Curriculum Principles

  • Reverse Planning in Geography means that the knowledge required by students at GCSE, A Level and in Higher Education is catalogued and positioned as the end goal so that lessons right from the very beginning of Year 7 build towards it. The curriculum journey follows key strands which allow for breadth of content and contexts but also depth of conceptual understanding as each unit builds on the knowledge used in the ones before.
  • Powerful Knowledge is developed in the geography curriculum by highlighting the key concepts that feed through all units of work and encouraging students to apply what they learn to local contexts (such as considering local council planning and policy) and global concerns beyond their current experience (such as the developing economy of Indonesia and what this means for the rest of the world). 
  • Cultural Capital is developed in the geography curriculum by exploring current affairs both at a local and international levels across our curriculum, to ensure students are learning about real time events locally, nationally and internationally.  Additionally, students have the opportunity to participate in a range of field trips both locally and internationally during their time as Brigshaw geographers.
  • Substantive (“Know That”) knowledge is developed in the geography curriculum by developing knowledge of place, of human and physical processes, of location and of what geographers do (including the tools they use to do it.) This has been mapped carefully through our curriculum to ensure knowledge strands from Year 7 feed into lessons up into A Level lessons and the complexity of the content which students engage with increases cumulatively. Key words are highlighted and collected along the way to signpost the development of this knowledge. Our curriculum is ambitious and allows students to study diverse places, people, resources and natural and human environments. Through this, our students will know more and remember more over time. 
  • Procedural and Disciplinary (“Know How”) Knowledge is developed in the geography curriculum by developing our students to think like geographers. They consider a variety of scales, levels of development, perspectives, interactions and interdependencies and ethics. Students are encouraged, from Year 7, to think critically and evaluatively to make informed conclusions and formulate reasoned opinions. 
  • Cognitive Psychology is developed in the geography curriculum by planning lessons which check for prior learning and use the information gathered to integrate new knowledge more successfully. We embed the same strong lesson stages and routines as our colleagues in other subjects to free up working memory capacity to take on that new knowledge and we interleave curriculum content so that it gets revisited at key points where otherwise, if they didn’t use it, they would lose it. 

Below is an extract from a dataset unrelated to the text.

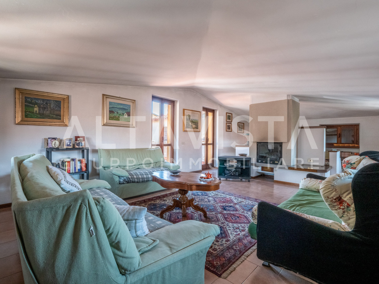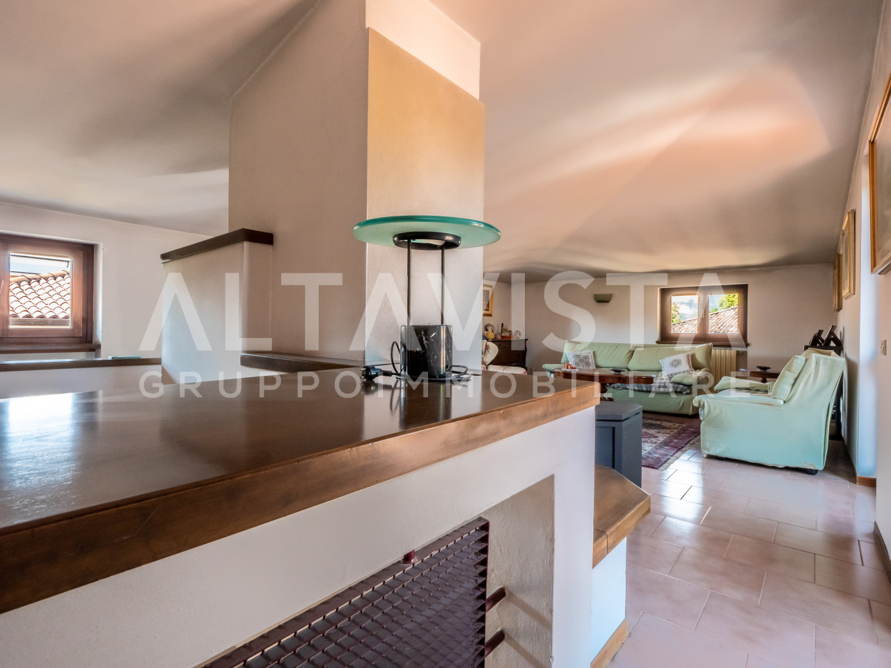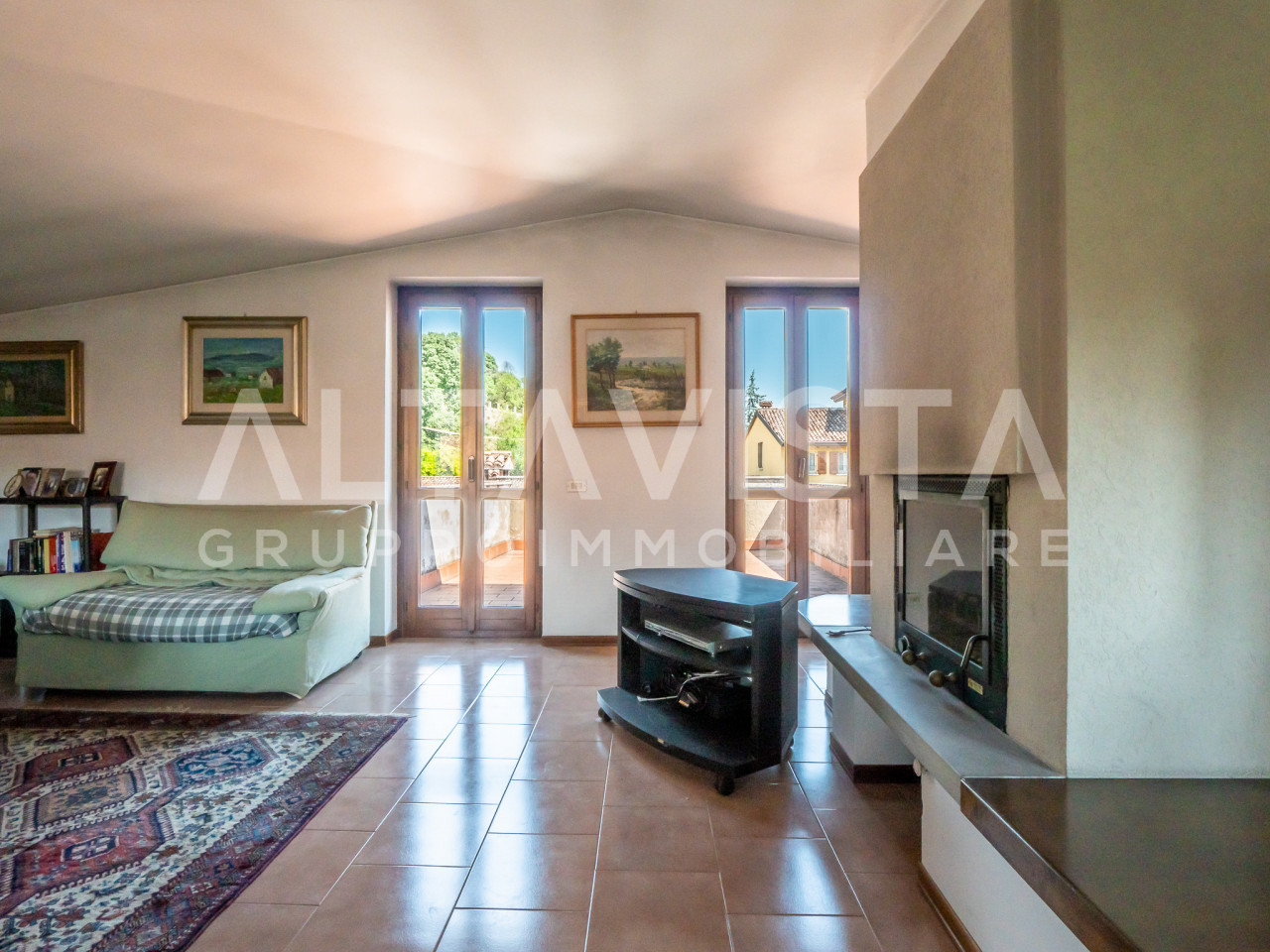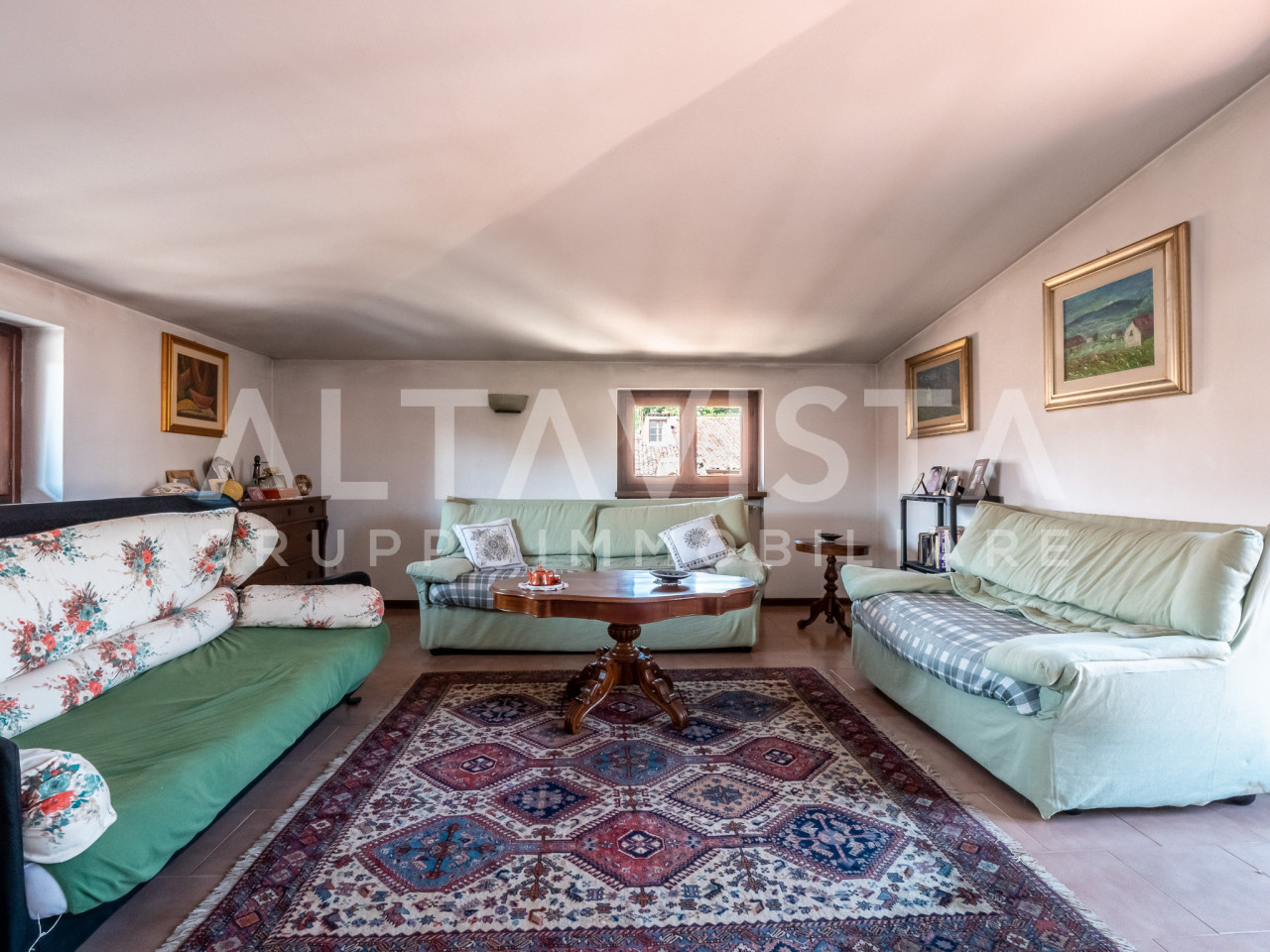Al secondo livello, collegato da un'importante scala interna, si apre un secondo soggiorno che porta al grande terrazzo, un vero e proprio spazio all'aperto con vista panoramica sul verde circostante.

What will this look like at implementation?

Please use the links below to explore how our curriculum looks, for each year group, as a result of these guiding principles

How can you support students’ learning from home?

When travelling as a family, have discussions about the environment: how rural or urban is it? How affluent? Why might this be?

Take day-trips to local tourist attractions: Brimham rocks or the coast, for instance.

When geographical issues arise in the news, ask your young person whether they know much about what might have contributed towards them - can they recall and apply any knowledge they have gained in school?

GCSE Bitesize offers excellent support for KS4 geography

National Geographic offer publications for all age groups in order to broaden exposure to what geographers do.